In performances, his singing and his solos flowed into each other as he wrung notes from the neck of his guitar, vibrating his hand as if it were wounded, his face a mask of suffering. Many of the songs he sang — like his biggest hit, “The Thrill Is Gone” (“I’ll still live on/But so lonely I’ll be”) — were poems of pain and perseverance.

The music historian Peter Guralnick once noted that Mr. King helped expand the audience for the blues through “the urbanity of his playing, the absorption of a multiplicity of influences, not simply from the blues, along with a graciousness of manner and willingness to adapt to new audiences and give them something they were able to respond to.”

B. B. stood for Blues Boy, a name he took with his first taste of fame in the 1940s. His peers were bluesmen like Muddy Waters and Howlin’ Wolf, whose nicknames fit their hard-bitten lives. But he was born a King, albeit in a sharecropper’s shack surrounded by dirt-poor laborers and wealthy landowners.

Mr. King went out on the road and never came back after one of his first recordings reached the top of the rhythm-and-blues charts in 1951. He began in juke joints, country dance halls and ghetto nightclubs, playing 342 one-night stands in 1956 and 200 to 300 shows a year for a half-century thereafter, rising to concert halls, casino main stages and international acclaim.
He was embraced by rock ’n’ roll fans of the 1960s and ’70s, who remained loyal as they grew older together. His playing influenced many of the most successful rock guitarists of the era, including Eric Clapton and Jimi Hendrix.

Mr. King considered a 1968 performance at the Fillmore West, the San Francisco rock palace, to have been the moment of his commercial breakthrough, he told a public-television interviewer in 2003. A few years earlier, he recalled, an M.C. in an elegant Chicago club had introduced him thus: “O.K., folks, time to pull out your chitlins and your collard greens, your pigs’ feet and your watermelons, because here is B. B. King.” It had infuriated him.

When he saw “long-haired white people” lining up outside the Fillmore, he said, he told his road manager, “I think they booked us in the wrong place.” Then the promoter Bill Graham introduced him to the sold-out crowd: “Ladies and gentlemen, I bring you the chairman of the board, B. B. King.”
“Everybody stood up, and I cried,” Mr. King said. “That was the beginning of it.”
By his 80th birthday he was a millionaire many times over. He owned a mansion in Las Vegas, a closet full of embroidered tuxedoes and smoking jackets, a chain of nightclubs bearing his name (including a popular room on West 42nd Street in Manhattan) and the personal and professional satisfaction of having endured.

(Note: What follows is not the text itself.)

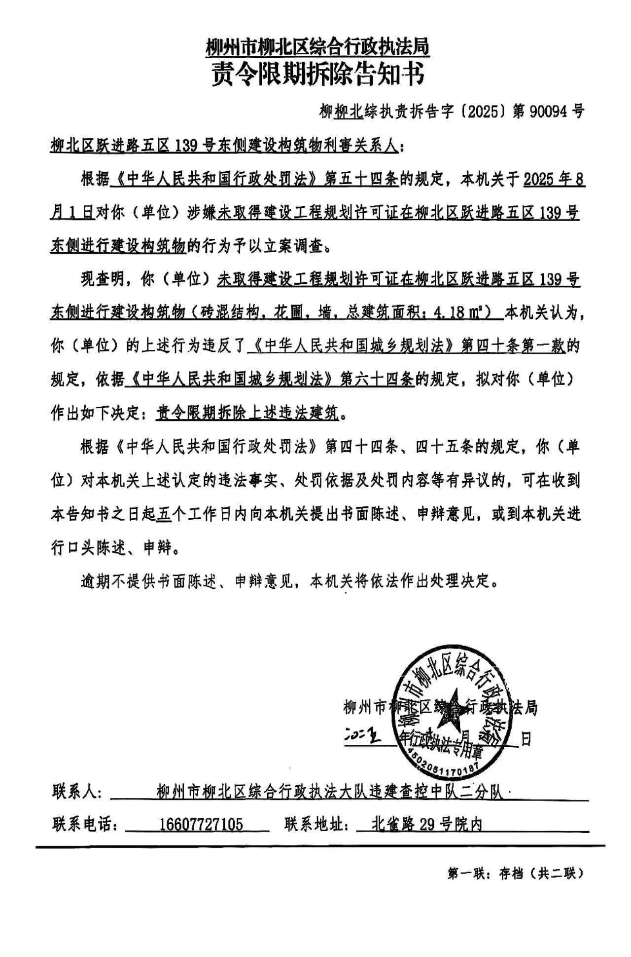2025年10月28日,柳州市柳北區(qū)綜合行政執(zhí)法局依法作出《責(zé)令限期拆除告知書》(柳柳北綜執(zhí)責(zé)拆告字〔2025〕第90094號(hào))。因利害關(guān)系人不詳無法采取其他方式送達(dá),為確保利害關(guān)系人的合法權(quán)益,根據(jù)《中華人民共和國民事訴訟法》第九十五條第一款,《中華人民共和國行政處罰法》第六十一條第一款,《住房和城鄉(xiāng)建設(shè)行政處罰程序規(guī)定》第三十六條第二款之規(guī)定向柳北區(qū)躍進(jìn)路五區(qū)139號(hào)東側(cè)建設(shè)構(gòu)筑物利害關(guān)系人公告送達(dá)《責(zé)令限期拆除告知書》(柳柳北綜執(zhí)責(zé)拆告字〔2025〕第90094號(hào)),公告期為三十日,公告期滿即視為送達(dá)。

Through it all he remained with the great love of his life, his guitar. He told the tale a thousand times: He was playing a dance hall in Twist, Ark., in the early 1950s when two men got into a fight and knocked over a kerosene stove. Mr. King fled the blaze — and then remembered his $30 guitar. He ran into the burning building to rescue it.

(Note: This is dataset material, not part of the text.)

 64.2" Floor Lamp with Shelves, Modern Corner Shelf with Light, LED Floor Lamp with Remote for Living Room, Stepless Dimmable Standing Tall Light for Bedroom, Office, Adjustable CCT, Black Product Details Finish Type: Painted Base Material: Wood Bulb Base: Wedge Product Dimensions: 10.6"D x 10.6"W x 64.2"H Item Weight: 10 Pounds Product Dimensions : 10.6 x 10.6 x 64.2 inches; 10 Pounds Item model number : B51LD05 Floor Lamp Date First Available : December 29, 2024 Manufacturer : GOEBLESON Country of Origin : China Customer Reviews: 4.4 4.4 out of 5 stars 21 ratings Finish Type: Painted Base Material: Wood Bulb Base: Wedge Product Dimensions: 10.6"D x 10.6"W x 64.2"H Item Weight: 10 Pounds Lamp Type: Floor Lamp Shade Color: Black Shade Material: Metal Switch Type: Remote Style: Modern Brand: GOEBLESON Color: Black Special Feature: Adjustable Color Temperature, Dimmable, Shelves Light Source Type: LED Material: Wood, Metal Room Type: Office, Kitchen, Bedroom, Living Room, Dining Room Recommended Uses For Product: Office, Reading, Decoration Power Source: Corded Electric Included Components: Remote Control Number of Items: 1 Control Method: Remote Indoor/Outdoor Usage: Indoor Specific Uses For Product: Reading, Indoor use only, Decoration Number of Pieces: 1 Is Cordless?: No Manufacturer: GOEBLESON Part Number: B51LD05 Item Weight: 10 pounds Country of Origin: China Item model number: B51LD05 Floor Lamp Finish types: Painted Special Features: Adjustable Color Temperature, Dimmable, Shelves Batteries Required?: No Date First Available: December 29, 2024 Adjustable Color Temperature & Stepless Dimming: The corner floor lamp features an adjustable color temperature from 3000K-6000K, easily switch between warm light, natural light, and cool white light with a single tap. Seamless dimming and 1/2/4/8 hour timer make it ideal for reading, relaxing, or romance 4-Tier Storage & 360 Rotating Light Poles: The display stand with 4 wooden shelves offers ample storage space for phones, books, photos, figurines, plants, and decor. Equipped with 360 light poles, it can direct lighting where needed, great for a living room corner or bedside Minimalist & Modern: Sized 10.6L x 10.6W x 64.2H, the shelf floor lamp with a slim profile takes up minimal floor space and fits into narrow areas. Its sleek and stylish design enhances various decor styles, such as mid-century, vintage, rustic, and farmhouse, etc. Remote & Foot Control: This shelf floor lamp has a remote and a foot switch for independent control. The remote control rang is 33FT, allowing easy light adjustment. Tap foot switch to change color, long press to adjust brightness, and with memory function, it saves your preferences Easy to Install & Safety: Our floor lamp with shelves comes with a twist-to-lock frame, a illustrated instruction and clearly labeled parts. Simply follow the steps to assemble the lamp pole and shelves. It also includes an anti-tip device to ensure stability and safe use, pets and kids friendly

He learned thereafter that the fight had been about a woman named Lucille. For the rest of his life, Mr. King addressed his guitars — big Gibsons, curved like a woman’s hips — as Lucille.
He married twice, unsuccessfully, and was legally single from 1966 onward; by his own account he fathered 15 children with 15 women. But a Lucille was always at his side.

Riley B. King (the middle initial apparently did not stand for anything) was born on Sept. 16, 1925, to Albert and Nora Ella King, both sharecroppers, in Berclair, a Mississippi hamlet outside the small town of Itta Bena. His memories of the Depression included the sound of sanctified gospel music, the scratch of 78-r.p.m. blues records, the sweat of dawn-to-dusk work and the sight of a black man lynched by a white mob.

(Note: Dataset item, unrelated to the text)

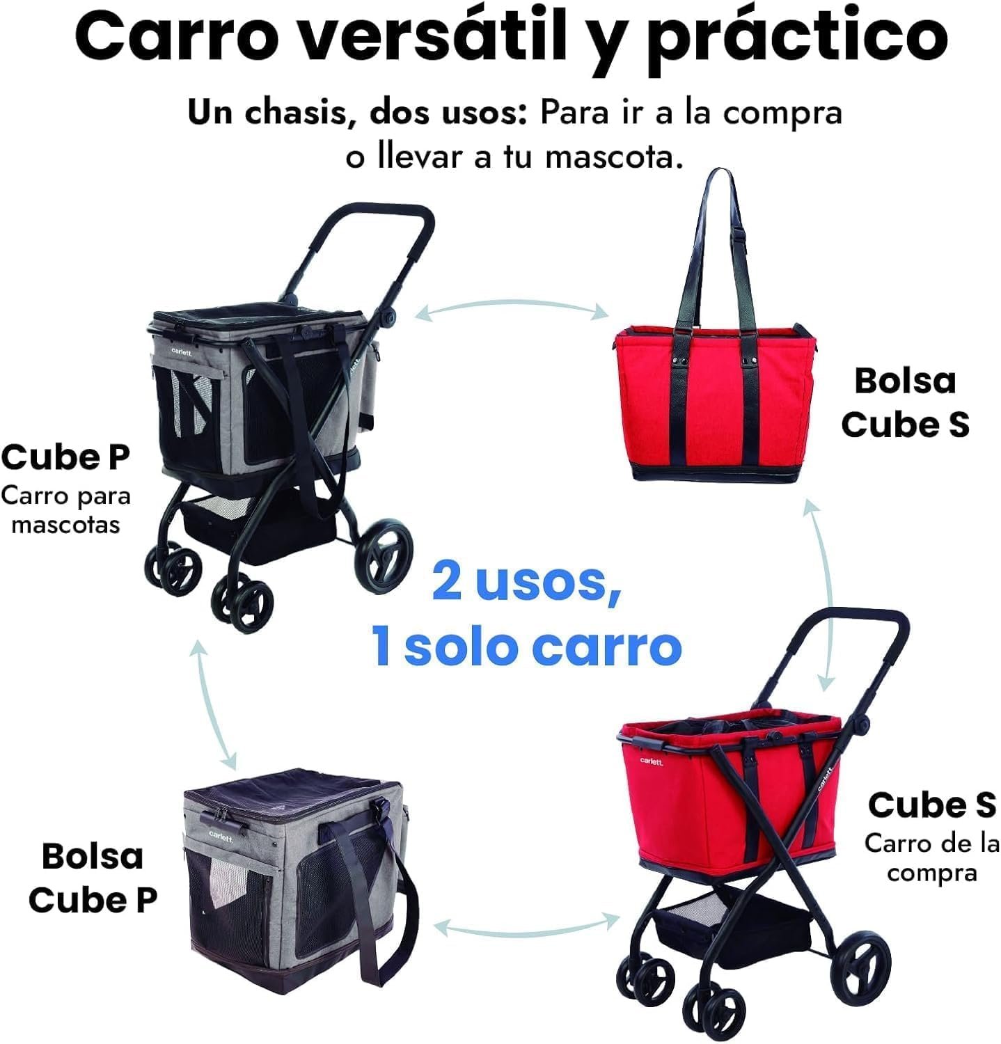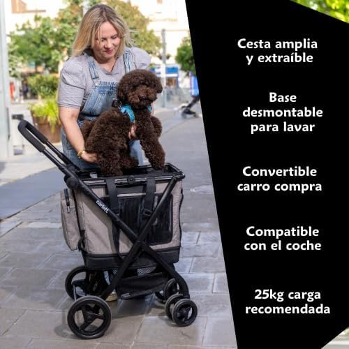 El Carrito de Transporte 3 en 1 Cube P es un sistema multifuncional que combina carrito con ruedas, transportín de mano y base compatible con el coche. Está diseñado para facilitar los paseos, desplazamientos urbanos y viajes con tu mascota, reduciendo el esfuerzo físico del dueño y aumentando la comodidad del animal.
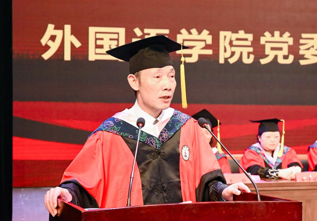 党委委员李彬彬作为教师代表发言。她叮嘱同学们要永远保持对学习的追求和渴望,为实现中华民族伟大复兴做贡献。毕业生代表徐腾用“成长,坚持,期待”总结四年的学习生活,并表达对学校的感谢和对同窗的祝贺。

By early 1940 Mr. King’s mother was dead and his father was gone. He was 14 and on his own, “sharecropping an acre of cotton, living on a borrowed allowance of $2.50 a month,” wrote Dick Waterman, a blues scholar. “When the crop was harvested, Riley ended his first year of independence owing his landlord $7.54.”

In November 1941 came a revelation: “King Biscuit Time” went on the air, broadcasting on KFFA, a radio station in Helena, Ark. It was the first radio show to feature the Mississippi Delta blues, and young Riley King heard it on his lunch break at the plantation. A largely self-taught guitarist, he now knew what he wanted to be when he grew up: a musician on the air.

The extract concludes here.